What to work on:
Each line in the material below, starting at the one that contains "Step 1: Create" and ending at the one that contains "- Transformer가 다른", should be repeated exactly; the pictures should not.

Information shown:
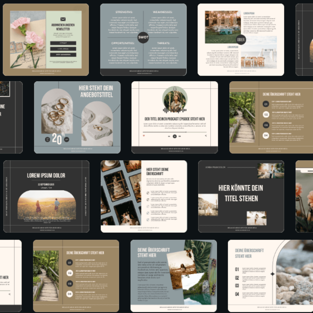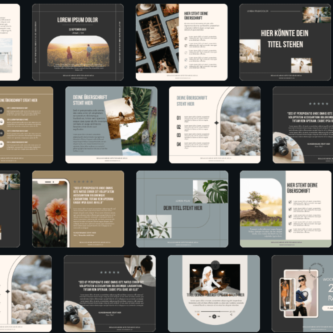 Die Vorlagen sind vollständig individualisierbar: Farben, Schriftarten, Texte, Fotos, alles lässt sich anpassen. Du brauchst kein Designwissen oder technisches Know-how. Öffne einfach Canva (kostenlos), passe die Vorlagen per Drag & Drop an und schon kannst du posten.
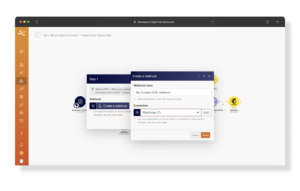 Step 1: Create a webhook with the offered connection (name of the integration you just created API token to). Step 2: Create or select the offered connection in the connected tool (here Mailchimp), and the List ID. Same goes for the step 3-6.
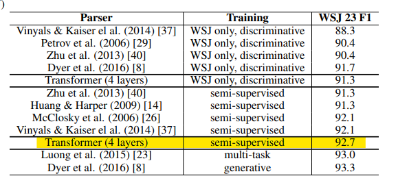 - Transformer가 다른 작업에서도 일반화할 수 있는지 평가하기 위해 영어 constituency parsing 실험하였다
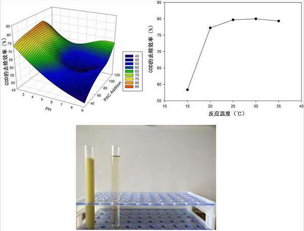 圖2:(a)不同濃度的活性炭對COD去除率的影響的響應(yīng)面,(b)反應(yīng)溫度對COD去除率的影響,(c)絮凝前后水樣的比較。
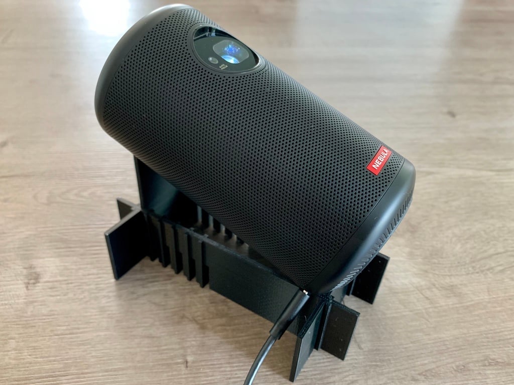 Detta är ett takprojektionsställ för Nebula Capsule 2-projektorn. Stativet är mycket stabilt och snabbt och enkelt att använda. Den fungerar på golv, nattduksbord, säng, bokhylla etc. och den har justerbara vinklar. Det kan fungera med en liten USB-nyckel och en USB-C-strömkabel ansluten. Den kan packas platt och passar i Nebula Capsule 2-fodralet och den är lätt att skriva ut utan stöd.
--
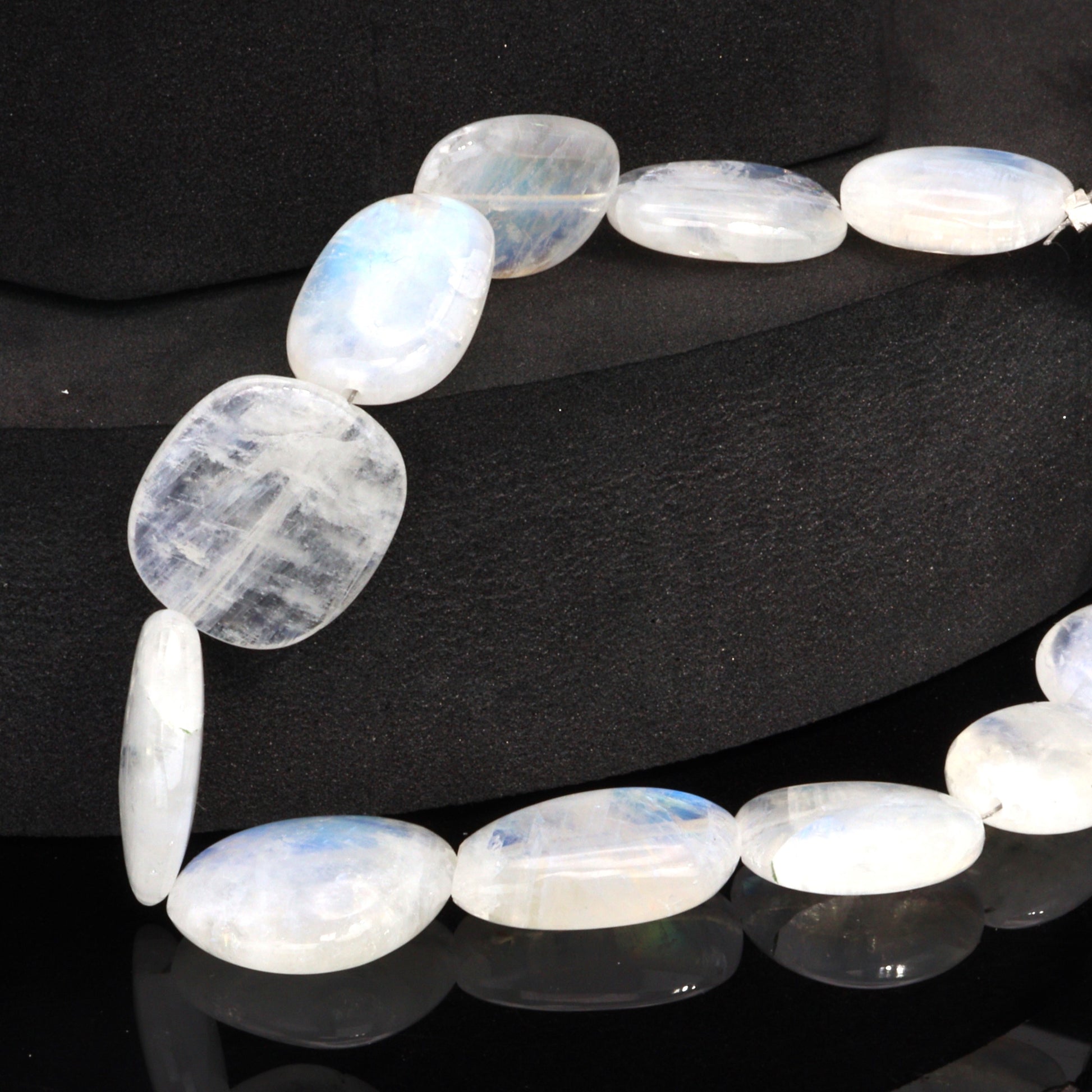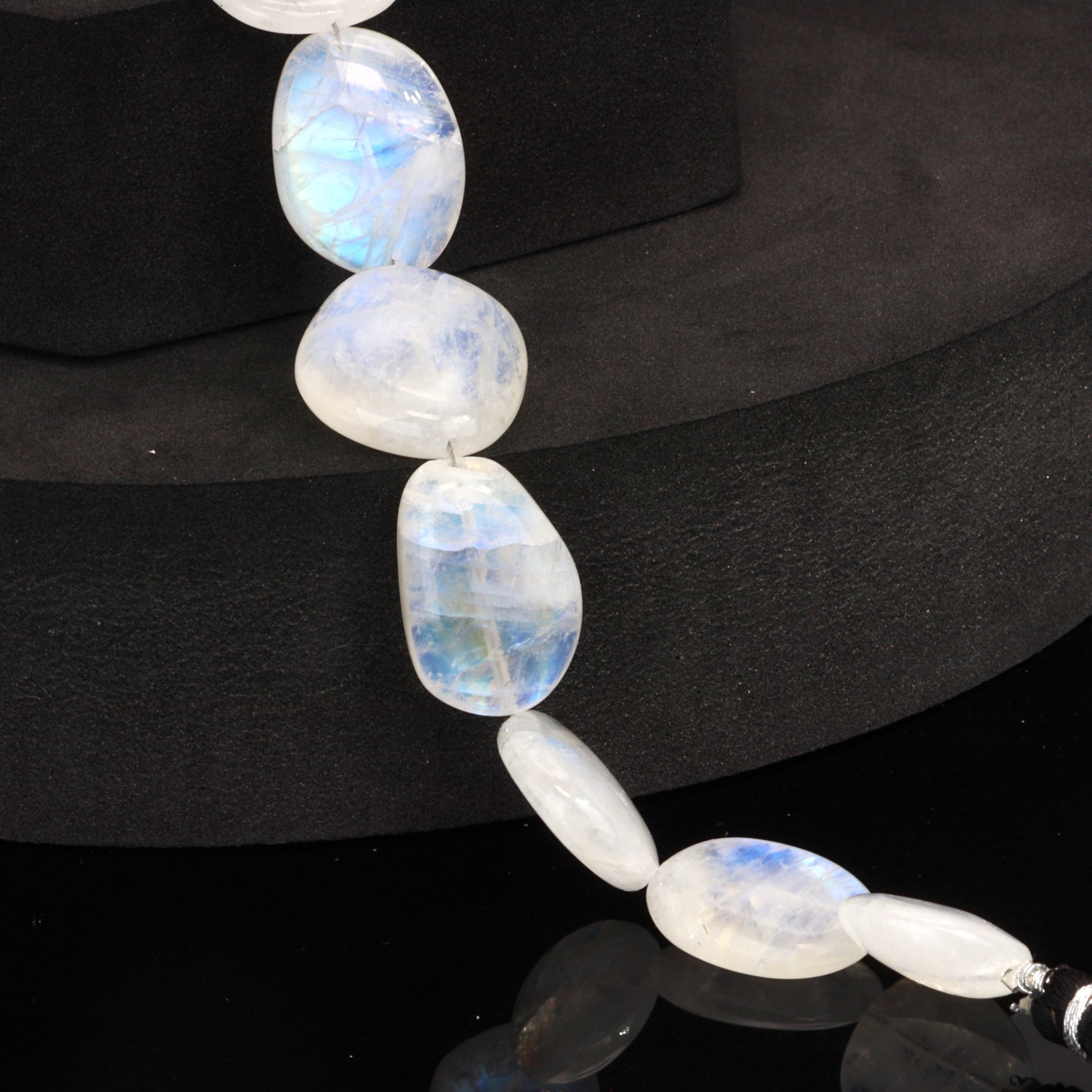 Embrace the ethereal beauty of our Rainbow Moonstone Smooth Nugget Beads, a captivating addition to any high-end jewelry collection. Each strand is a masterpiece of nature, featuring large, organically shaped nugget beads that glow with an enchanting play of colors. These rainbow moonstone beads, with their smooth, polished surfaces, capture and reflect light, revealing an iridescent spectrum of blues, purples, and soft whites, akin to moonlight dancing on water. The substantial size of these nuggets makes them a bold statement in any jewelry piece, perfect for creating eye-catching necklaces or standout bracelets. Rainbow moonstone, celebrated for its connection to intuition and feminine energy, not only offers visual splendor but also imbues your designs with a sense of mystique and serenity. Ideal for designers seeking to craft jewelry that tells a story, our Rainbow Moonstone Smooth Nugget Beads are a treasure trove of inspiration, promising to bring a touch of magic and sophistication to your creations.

Written solution:
 Step 1: Create a webhook with the offered connection (name of the integration you just created API token to). Step 2: Create or select the offered connection in the connected tool (here Mailchimp), and the List ID. Same goes for the step 3-6.
 - Transformer가 다른 작업에서도 일반화할 수 있는지 평가하기 위해 영어 constituency parsing 실험하였다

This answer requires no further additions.